Why I'm Learning Data Science

hrenski — Fri, 06 Sep 2019 11:44:35 +0000

So I've started learning my journey into learning data science and machine learning... and the way I've chosen to start down this path is by attending a 15 week bootcamp at the Flatiron school. While I'm not much of a writer (brevity above all!), one component of the course is to express the learning process through a sequence of blogs. And here's my attempt.

Why data science?

My background is in math, and I spent a great deal of time (up to a doctorate) studying it. When people ask me what it means to have a Ph.D, I like to joke that it means that I went to school for too long. But really, once I started studying it, the math bug bite me... it couldn't stop. Studying math can be bittersweet, you struggle for long periods wrapping your head around things followed by a brief "aha!" moment... until you sink back into confusion. But I loved the challenge it presented and I dug into it as deeply as I could... until the day came that I needed to graduate and go out into the world. Then I quickly realized that finding a job in math was going to very difficult. This might sound the exact opposite to everything anyone has ever said about math and getting a technical job, but you'd have to understand, I studied pure math... As pure as I could find. The closest I got to any kind of application was how one theory could be used in another.
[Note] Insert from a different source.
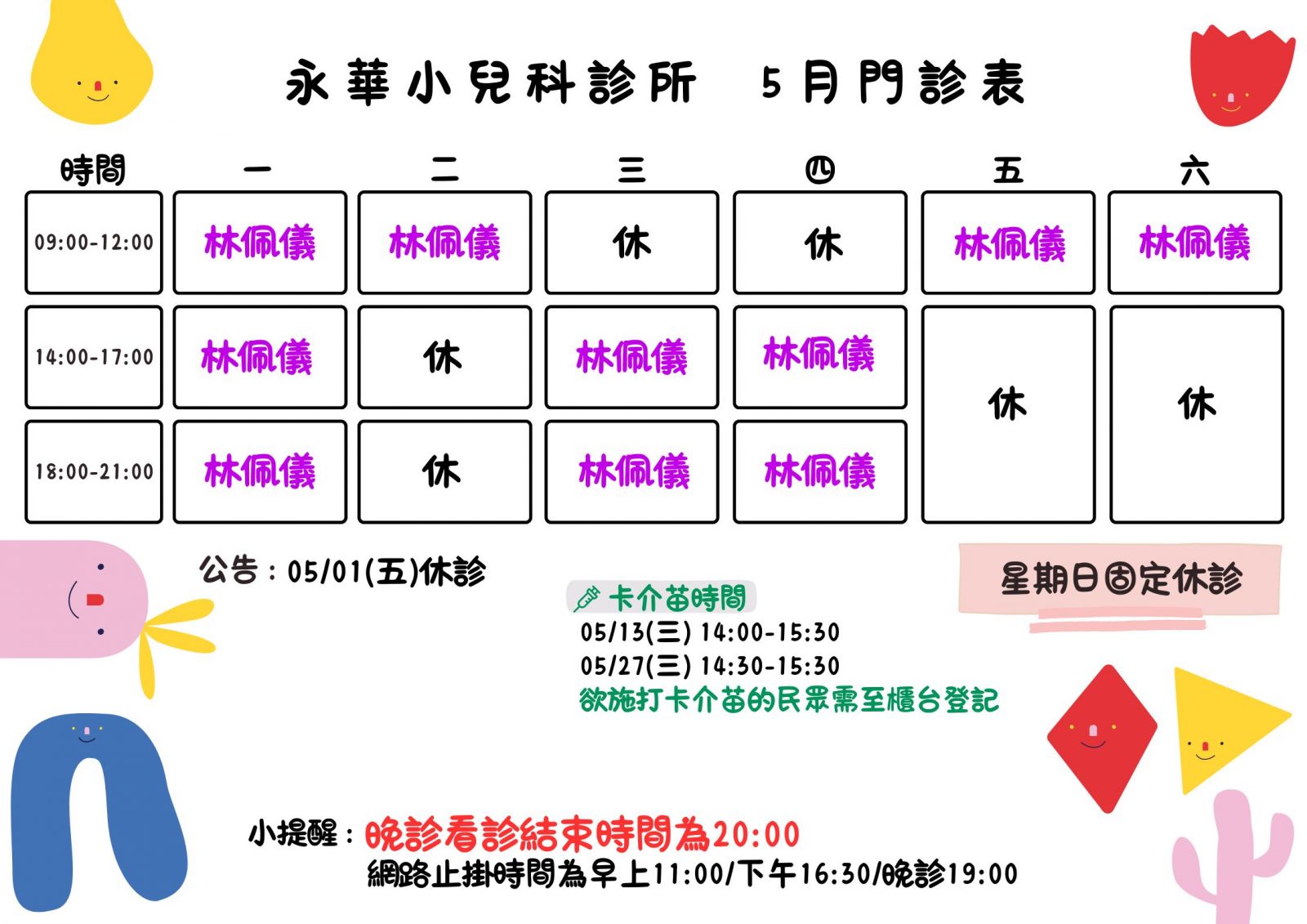 115.5月份小兒科門診表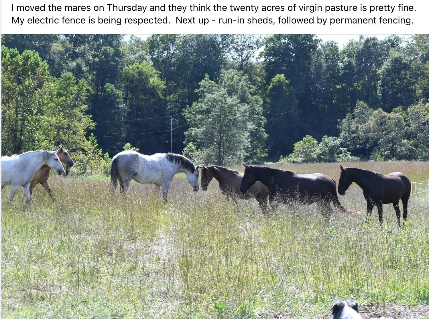 That meant temporary fencing for the horses. Electric fencing still requires pounding in fence posts, electric boxes, wiring, insulators and hotwire. Jill did a lot of that work.

So my job search began until I finally found a job... doing something I knew nothing about. When I started, I pursued it, worked at it, and tried to master as much of it as I could. While it was still technical in nature, the further I got into my new career, the more distant my math felt and the less passionate I felt for what I now found myself doing. I sank into a daily cycle of working... and found myself missing my passion. Honestly, this was tough for me to process, but I soldiered through it trying to be as pragmatic as possible. And I discovered a silver lining, as a part of my job, I got to deal with massive amounts of data which I would have to examine, process, clean, and manipulate in order to produce desired results.

The more I worked with the data, the more I enjoyed it. It revived an old interest I had in coding and allowed me to use my math background. So I started pursuing this growing interest with the same excitement that I had for my studies in school. I started learning python, c++, and even gained experience in parallel coding and computing (which seemed like black magic to me) all as means to more efficiently work with the data that I had. And for several years, this was enough... but all the while, I wondered if I couldn't be doing this more. Finally hit a cap of sorts within my job, and I decided to make the plunge completely into a field that I could fully pursue my new passion... working with data. One of Flatiron's mantras sums it up best for me, "Always do what you love."

Ok... but why a bootcamp?

During all of my self-study into data science, one thought continually nagged me... How can I find a way to do this full time? Demonstrating to potential employers, that I have the necessary skills isn't always easy... especially without any credentials or documented background. Additionally, how can I most efficiently fill in knowledge gaps and build my experience into a fully-fledged set of skills? I had heard of various data science bootcamps and decided to look into them. This is how I found the Flatiron school; a 15 week program that mixes lectures with real-world problems to build and cement all the skills I need to make this leap into a new career. As necessary as it was, leaving a field that you've established yourself in and starting fresh isn't easy. Having the support and guidance of a program like this helps ease the anxiety and let's me focus on studying, learning, and preparing for the future.

So here I am, I've begun the program and am wrapping up the first week. The pace is blistering...

But I'm excited to continue learning and absorbing as much as I can, and I hope that it pays off in a job in which I can do what I love.